$340M acquisition of a European SaaS platform
This matter involved the acquisition of a Berlin-headquartered enterprise SaaS platform by a US public-company strategic buyer. The transaction structure included $340M in cash consideration, a $35M rollover equity component for the seller's founders, and a 12-month earnout tied to ARR retention metrics. We served as lead deal counsel to the buyer from pre-LOI strategy through twelve months of post-closing integration.
Background
The target was a 240-employee enterprise SaaS platform serving large European financial services customers, with operations split across Germany (headquarters and engineering), Poland (development), and Ireland (commercial). The buyer — an NYSE-listed US strategic — had been evaluating European expansion for two years and identified the target as the cleanest entry point into the EU financial software segment.
The deal arose from a competitive process. Three strategic buyers and two financial sponsors had indicated interest by the time we were engaged, and the seller had structured a Dutch-auction-style bid process that compressed the typical M&A timeline. The buyer who could move fastest through antitrust clearance had a real structural advantage on bid price — and that was where we came in.
Pre-LOI work
Our engagement began six weeks before the LOI was signed — earlier than typical, at the buyer's specific request. We led three workstreams in parallel during this period:
- Antitrust scoping, including jurisdictional analysis under HSR, EUMR, and CMA thresholds, identification of potential vertical-foreclosure concerns, and engagement with specialist competition counsel in Brussels and London
- Tax structuring, including options analysis for the rollover equity component and modeling of the post-closing operating structure under US, German, and UK tax regimes
- Diligence preparation, including disclosure schedule template development aligned to both BGB (German Civil Code) representations and English law warranty standards
This pre-LOI work compressed roughly four months of post-LOI work into the early stages of the engagement, which proved decisive when the bid timeline accelerated.
The antitrust path
Three-jurisdiction merger control was the longest path on the transaction timeline and the issue that drove most structuring decisions. We coordinated specialist competition counsel in Washington (HSR), Brussels (EUMR), and London (CMA), each operating on non-aligned timelines with different remedy expectations.
The HSR filing cleared in the standard 30-day waiting period without a second request. The CMA review was completed in 40 working days with no remedies required. The EU review was the longest path — Phase II analysis on potential vertical foreclosure in a narrow software segment serving financial services customers extended the review into a 90-working-day window, with the Commission ultimately accepting a structural commitment (divestiture of a small adjacent product line) as the remedy.
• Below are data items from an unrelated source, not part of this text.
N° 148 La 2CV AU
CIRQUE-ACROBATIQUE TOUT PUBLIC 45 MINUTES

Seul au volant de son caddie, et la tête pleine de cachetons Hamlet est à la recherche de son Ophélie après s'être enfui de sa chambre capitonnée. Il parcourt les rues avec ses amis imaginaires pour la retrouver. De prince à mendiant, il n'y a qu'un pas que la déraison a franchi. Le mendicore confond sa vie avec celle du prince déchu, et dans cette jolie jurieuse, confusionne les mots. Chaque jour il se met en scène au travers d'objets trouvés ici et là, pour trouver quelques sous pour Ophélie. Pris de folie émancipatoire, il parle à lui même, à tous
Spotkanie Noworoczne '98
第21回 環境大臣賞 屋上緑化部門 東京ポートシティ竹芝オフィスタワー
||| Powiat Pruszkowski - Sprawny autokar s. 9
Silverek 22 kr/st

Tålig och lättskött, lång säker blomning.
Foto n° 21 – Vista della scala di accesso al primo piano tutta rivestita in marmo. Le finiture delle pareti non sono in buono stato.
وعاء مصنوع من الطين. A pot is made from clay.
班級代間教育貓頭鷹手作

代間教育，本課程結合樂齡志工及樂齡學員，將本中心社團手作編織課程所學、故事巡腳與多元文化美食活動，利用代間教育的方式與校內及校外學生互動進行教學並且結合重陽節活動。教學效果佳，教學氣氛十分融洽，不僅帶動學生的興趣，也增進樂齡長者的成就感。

The structural commitment was negotiable because we had prepared for it. The buyer's strategic plan had already identified the adjacent product line as non-core, and we had structured the LOI to allow a clean carve-out without re-pricing the underlying transaction.
Structuring and rollover equity
The transaction was structured as a forward triangular merger under Delaware law, with a Bermuda-based holding entity established to receive the founders' rollover equity. The structure achieved three objectives: it deferred US capital gains treatment on the rollover portion for the founders, preserved the buyer's tax basis in the acquired entity, and created a clean framework for the post-closing earnout payments.
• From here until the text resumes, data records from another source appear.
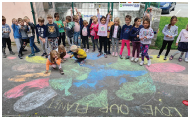
Trajnostna mobilnost za lepšo prihodnost

Evropski teden mobilnosti (ETM) pod geslom »Trajnostno povezani« je tudi v tem šolskem letu med 16. in 22. septembrom 2022 vpeljal v naš vrtčevski in šolski vsakdan precej zanimivih dejavnosti.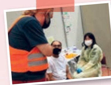
※ワクチンを うつときの つうやく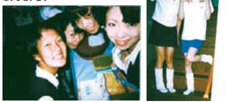
高校時代!! まりこ・あやちゃん・めくみちゃん・めんころ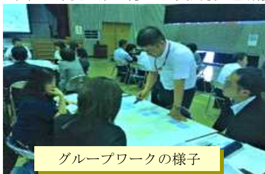
グループワークの様子

※ 令和2年度の県民総ぐるみ教育推進研修会は新型コロナウイルス感染症の影響により中止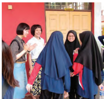
マレーシア (アエヒタム高校)

岡山城東高校では、グローバルリーダーを育てるために、様々な国際交流プログラムを展開しています。希望すればすべての生徒が1年次、2年次で海外体験の研修に参加することができます。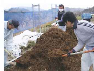
③全体に混ぜながら積みあげ軽く踏み固めて形を整えます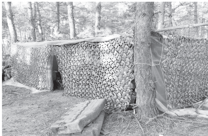
Маскировка по назначению.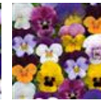
Spring Select Mixture

Negotiating the rollover terms required coordinated work with the founders' personal counsel in Germany, the buyer's tax counsel in New York, and our cross-border team in London. The final structure included a five-year lock-up on the rollover equity, board observer rights for the senior founder, and a customary good-leaver provision protecting the founders against post-closing termination without cause.
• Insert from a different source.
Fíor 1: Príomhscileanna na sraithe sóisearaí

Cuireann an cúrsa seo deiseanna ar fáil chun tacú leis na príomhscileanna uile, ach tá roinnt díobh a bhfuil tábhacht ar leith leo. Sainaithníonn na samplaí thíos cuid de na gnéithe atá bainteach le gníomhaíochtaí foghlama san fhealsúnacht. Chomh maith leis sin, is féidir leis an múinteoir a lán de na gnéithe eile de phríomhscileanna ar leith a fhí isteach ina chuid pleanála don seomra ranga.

Lessons applied to subsequent transactions
The pre-LOI antitrust preparation pattern we developed for this matter has since been applied to seven additional cross-border M&A transactions, with consistent results: shorter post-signing clearance timelines, fewer late-stage structuring surprises, and tighter alignment between bid price and final transaction terms. We now treat pre-LOI clearance scoping as standard for any cross-border acquisition involving three or more reviewing jurisdictions — a quiet operational change in our practice that traces directly back to this engagement.